Cycling saves you money. We know that there’s an economic crisis, and we know that there’s a debt crisis, but few people know that cycling to work can save you a lot of money. For the people who did the Banners Gate to Victoria Square route, that’s £6 for the day if they normally drive a car, which works out to £160 a month. Going from Quinton to town by bike and back on a daily basis would save you a whopping £1,222 a year! Just think of all the things you could spend that money on. You also save on parking costs, and if you’re fed up of waiting in queues at the petrol station and being stuck in traffic, cycling is really the way to go.


We tried to get as many people as possible involved in the event, and contacted forums, elected councillors, and the media. We tweeted, e-mailed, got articles posted on blogs all over the city, put posters up and handed out flyers.
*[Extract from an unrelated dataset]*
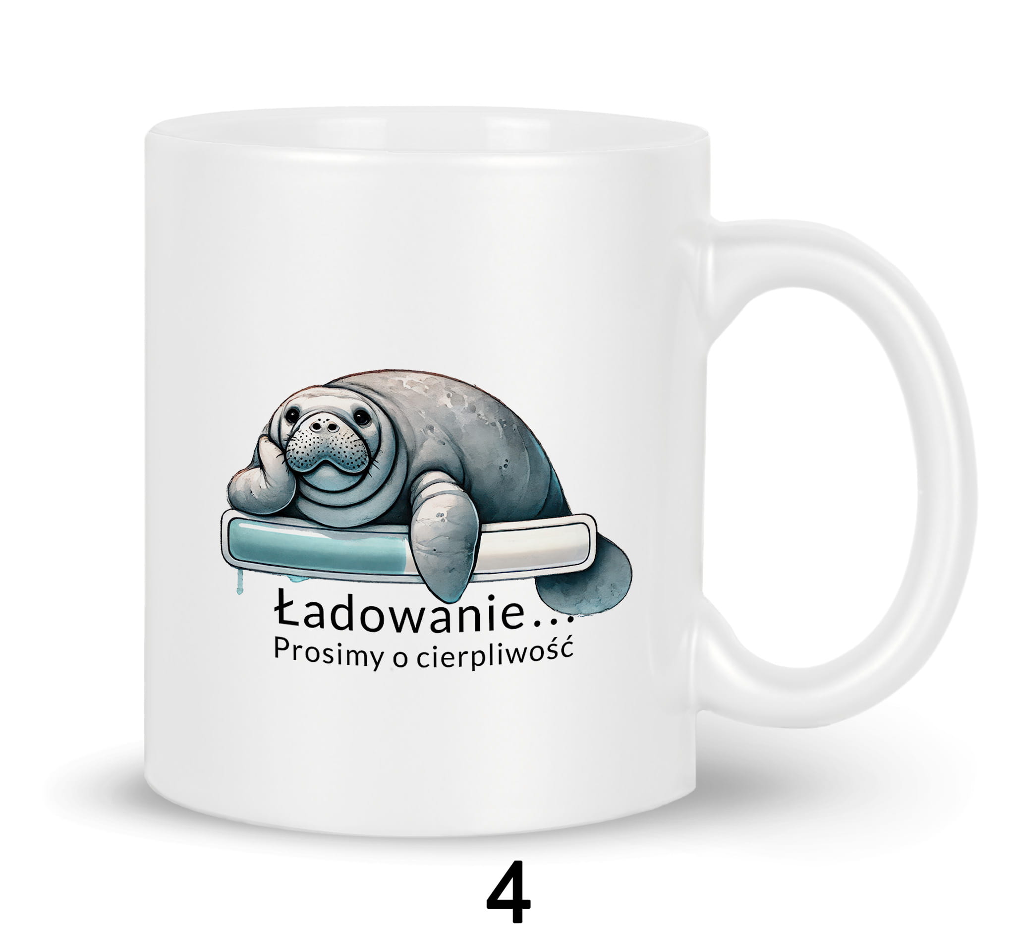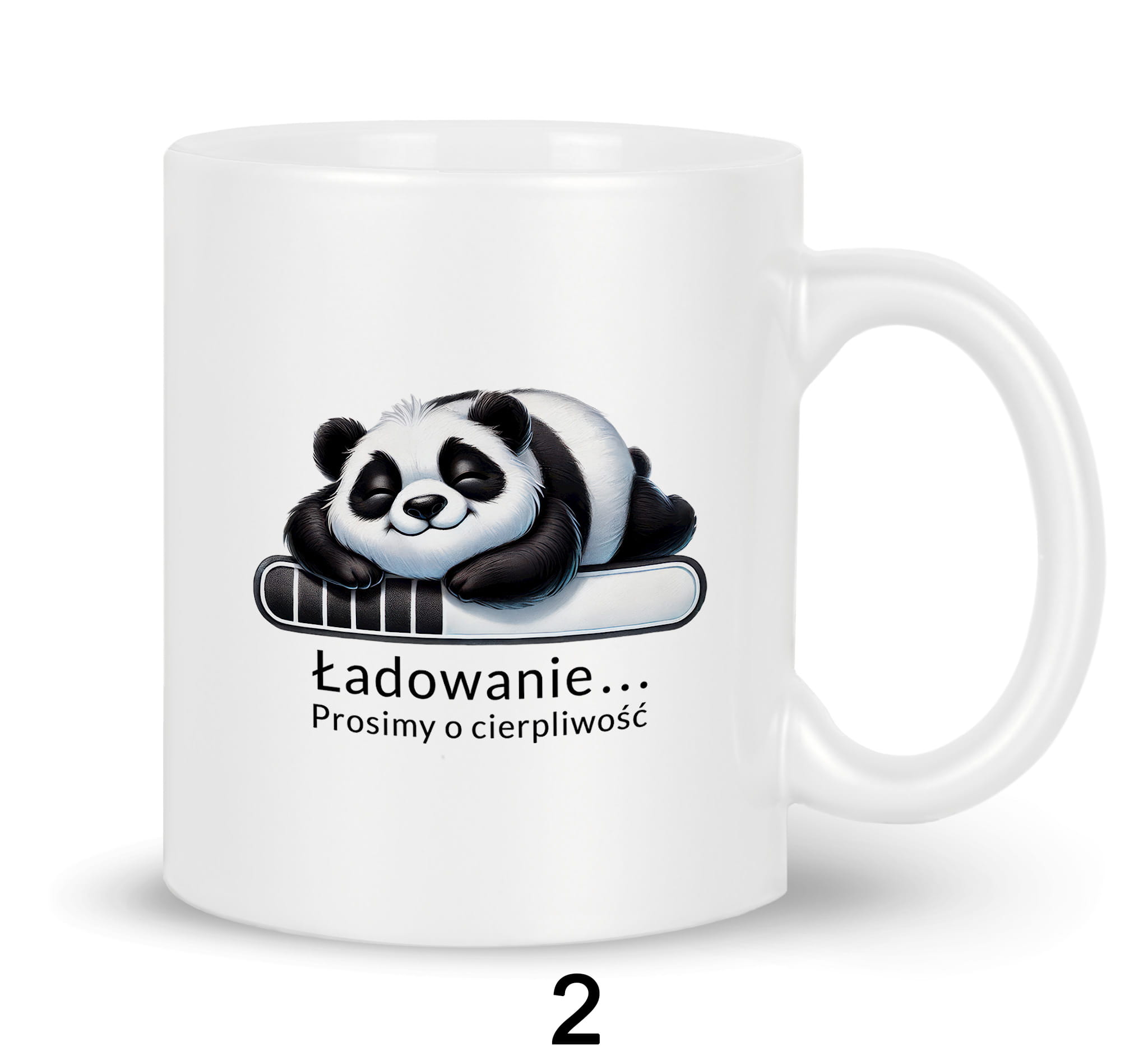 Nadruk na kubku przedstawia śmieszne zabawne zwierzątka leżące na pasku ładowania z napisem "Ładowanie... Prosimy o cierpliwość".

Disappointingly, Birmingham City Council failed to provide as much support as we’d have liked in promoting the event, although the cycling officer did provide a gazebo, a couple of tables and some hot water. Two councillors, Martin Straker Welds and David Radcliffe, out of the fifty or so we invited gamely joined the trains at Moseley and Row Heath Pavilion and were very enthusiastic about the day.


Media coverage was great as Midlands Today put a helmet cam on one rider, and filmed the ride from start to finish, as well as taking video footage of the gathering at the end. A film crew also filmed the event for Friends of the Earth’s 40th anniversary and all our photos are up on Facebook.


Most of all, however, it was great to see so many commuters congregating in the sunshine and wearing smiles at the end of their journey. How often do you see that in a car park of a morning?